TASK INPUT >>
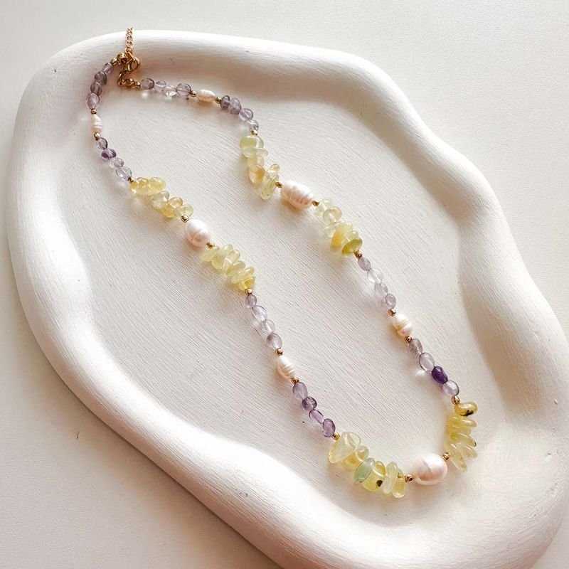 Este colar é uma peça encantadora que une o brilho natural das pedras ao charme atemporal das pérolas. Ele combina quartzo verde e ametista em diferentes formas e tonalidades, intercalados por pérolas de água doce e delicados metais banhados a ouro 18k, criando uma composição sofisticada e cheia de significado.
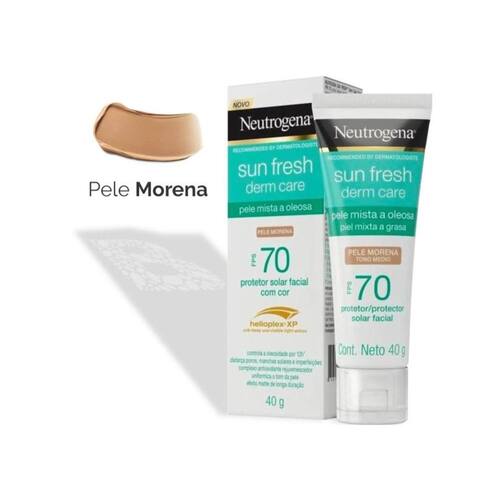 Protetor solar facial com cor, tom médio. Alta proteção contra os raios UVA/UVB, FPS 70. Ideal para peles mistas e oleosas. Disfarça poros e imperfeições. Com complexo antioxidante rejuvenescedor.
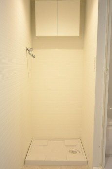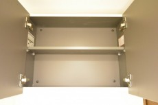 洗濯機置場の上には収納棚もついているので、手の届くところに洗剤を仕舞っておけます。便利ですね。
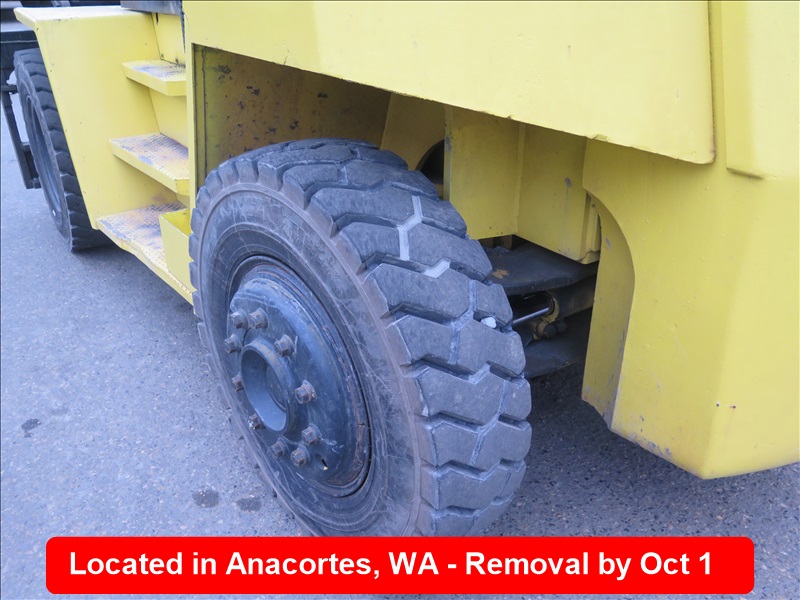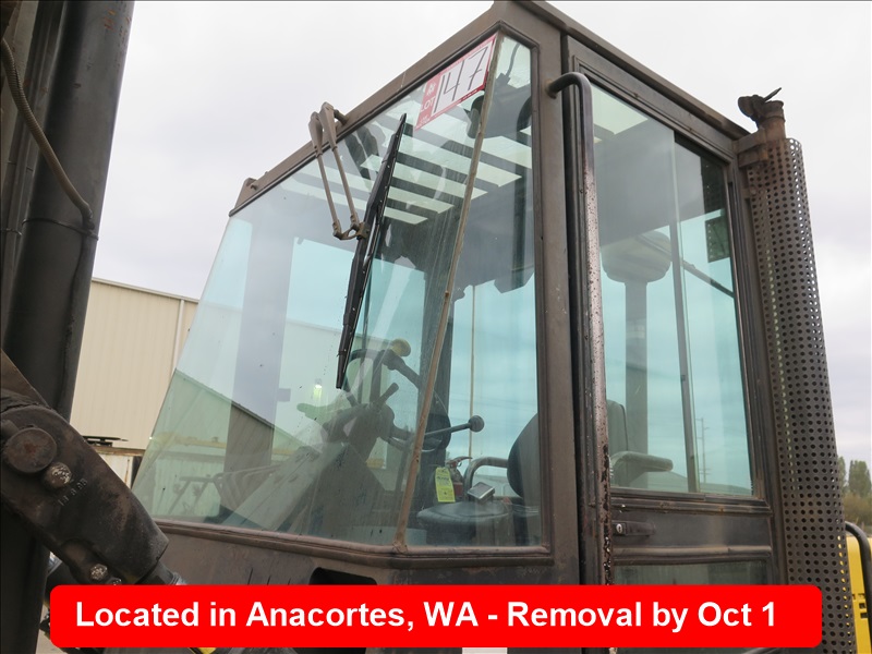 16,600 LB DUAL CUSHION TIRE FORKLIFT, 212" 2-STAGE MAST, SIDE SHIFT, FORK POSITIONER, PERKINS DIESEL, ECLOSED CAB, GLASS 100%, A/B, HOUR METER READS: 9,378
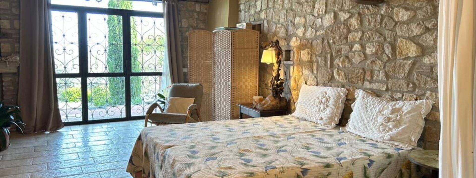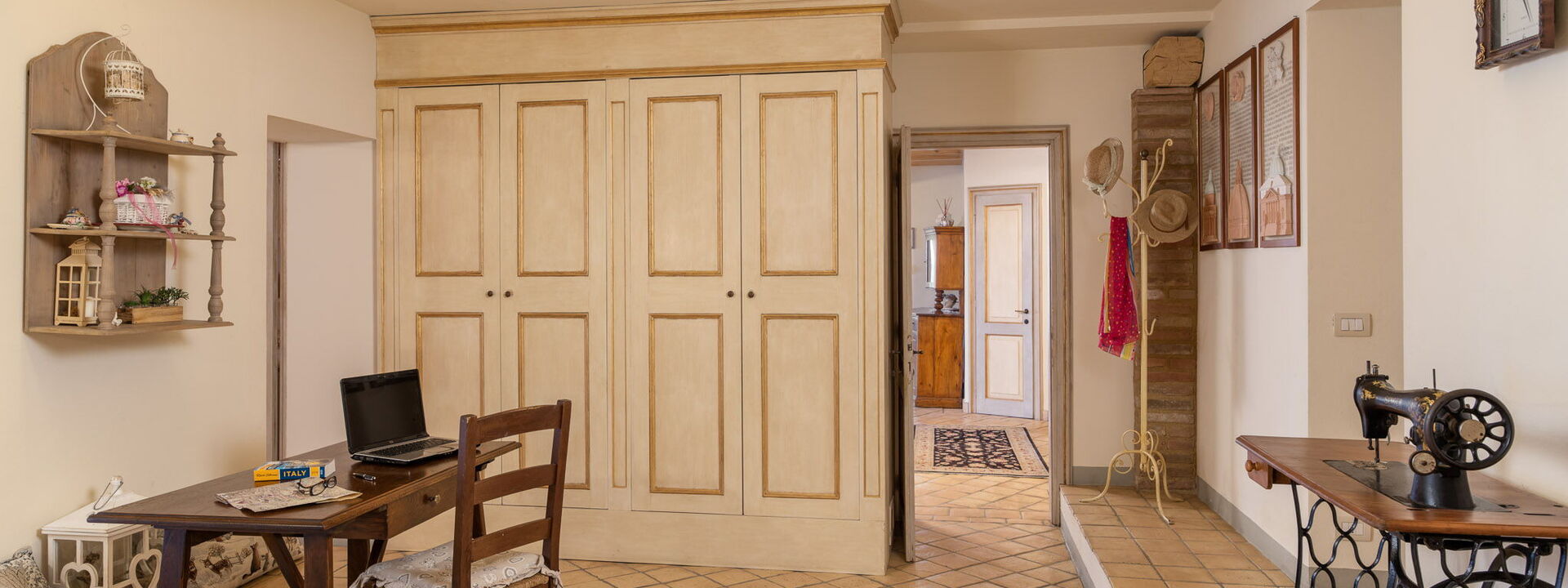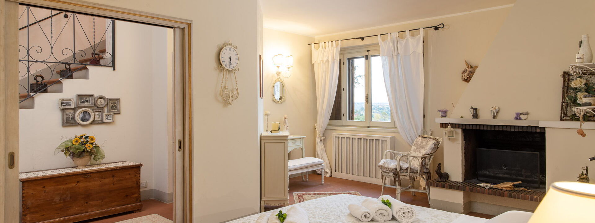 Un ritiro privato che offre alcuni degli scorci più spettacolari della villa: una seconda grand suite con letto King-size e balcone privato, e un'accogliente camera con due letti singoli che vanta una vista da cartolina su San Gimignano. Il piano è servito da un bagno completo dotato di una doccia moderna.
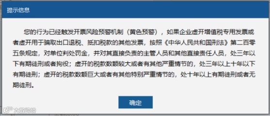 开票软件会根据您的开票信息按照税务机关设定的风险等级给您相应的风险等级提示:
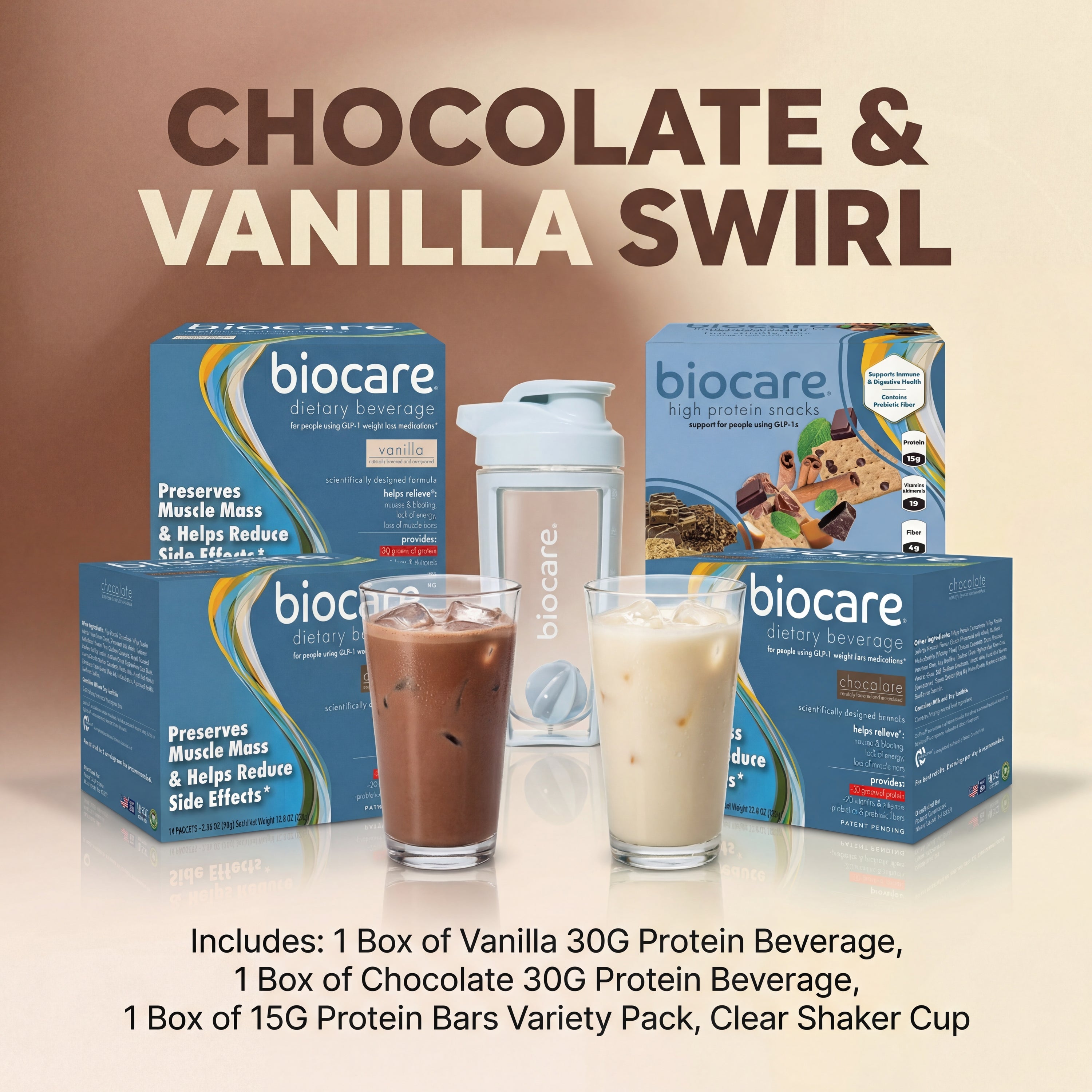 Biocare is a delicious, science-backed nutrition beverage specifically designed for those using GLP-1 weight loss medications like Wegovy, Zepbound, and Ozempic. Our innovative, patent-pending formula delivers essential protein and nutrients while helping to reduce common GLP-1 side effects, such as nausea and bloating — so you can feel great and stay focused on your goals.*
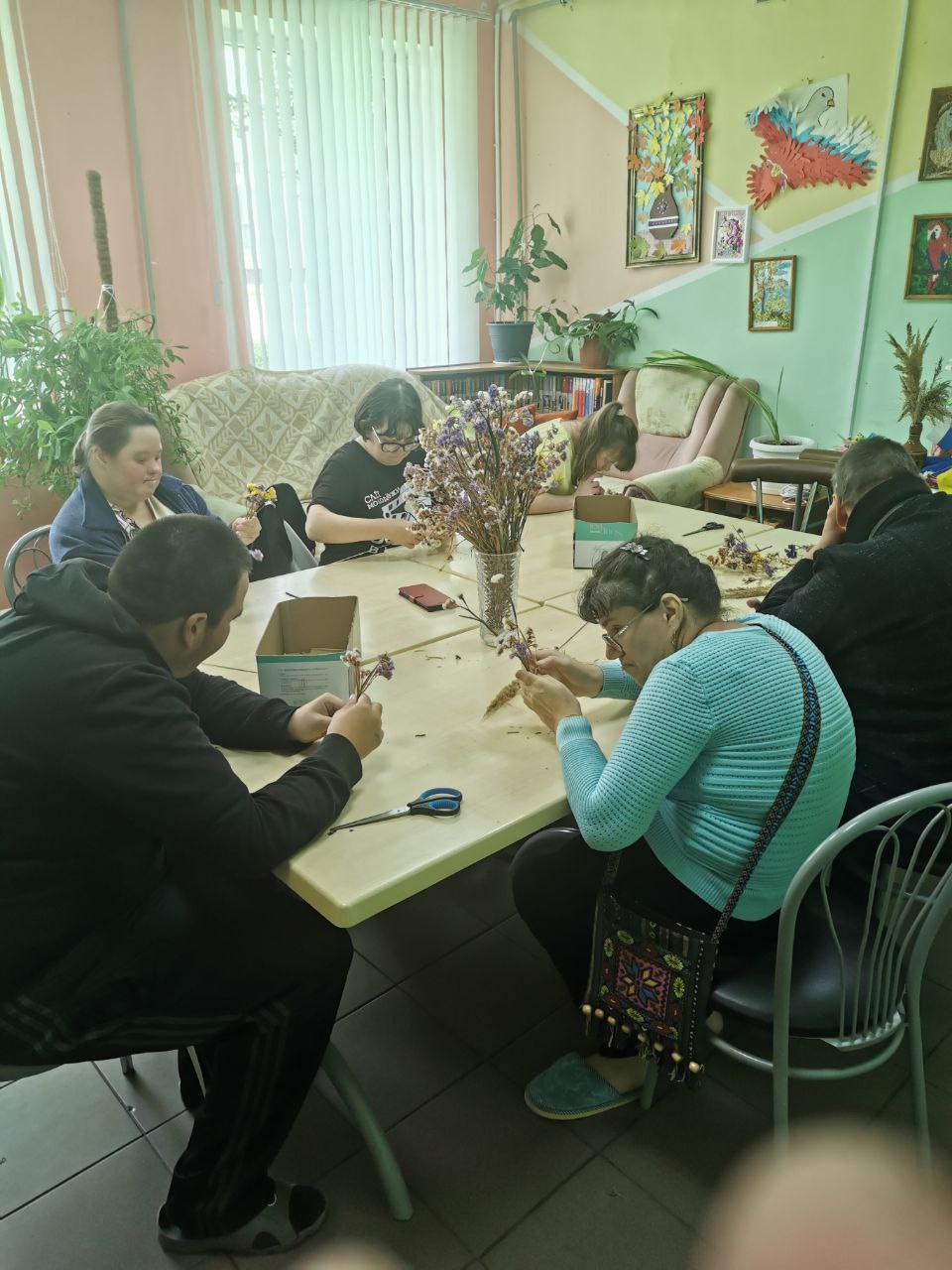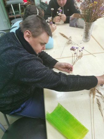 17.09.202 года в социально-реабилитационном отделении на занятиях по трудовой терапии получатели социальных услуг активно трудятся над формированием праздничных подарков ко Дню пожилого человека.

PROBLEM TO SOLVE >> Transcribe the data completely. No pictures should appear in the transcription.

RESPONSE BOX >>
 Este colar é uma peça encantadora que une o brilho natural das pedras ao charme atemporal das pérolas. Ele combina quartzo verde e ametista em diferentes formas e tonalidades, intercalados por pérolas de água doce e delicados metais banhados a ouro 18k, criando uma composição sofisticada e cheia de significado.
 Protetor solar facial com cor, tom médio. Alta proteção contra os raios UVA/UVB, FPS 70. Ideal para peles mistas e oleosas. Disfarça poros e imperfeições. Com complexo antioxidante rejuvenescedor.
 洗濯機置場の上には収納棚もついているので、手の届くところに洗剤を仕舞っておけます。便利ですね。
 16,600 LB DUAL CUSHION TIRE FORKLIFT, 212" 2-STAGE MAST, SIDE SHIFT, FORK POSITIONER, PERKINS DIESEL, ECLOSED CAB, GLASS 100%, A/B, HOUR METER READS: 9,378
 Un ritiro privato che offre alcuni degli scorci più spettacolari della villa: una seconda grand suite con letto King-size e balcone privato, e un'accogliente camera con due letti singoli che vanta una vista da cartolina su San Gimignano. Il piano è servito da un bagno completo dotato di una doccia moderna.
 开票软件会根据您的开票信息按照税务机关设定的风险等级给您相应的风险等级提示:
 Biocare is a delicious, science-backed nutrition beverage specifically designed for those using GLP-1 weight loss medications like Wegovy, Zepbound, and Ozempic. Our innovative, patent-pending formula delivers essential protein and nutrients while helping to reduce common GLP-1 side effects, such as nausea and bloating — so you can feel great and stay focused on your goals.*
 17.09.202 года в социально-реабилитационном отделении на занятиях по трудовой терапии получатели социальных услуг активно трудятся над формированием праздничных подарков ко Дню пожилого человека.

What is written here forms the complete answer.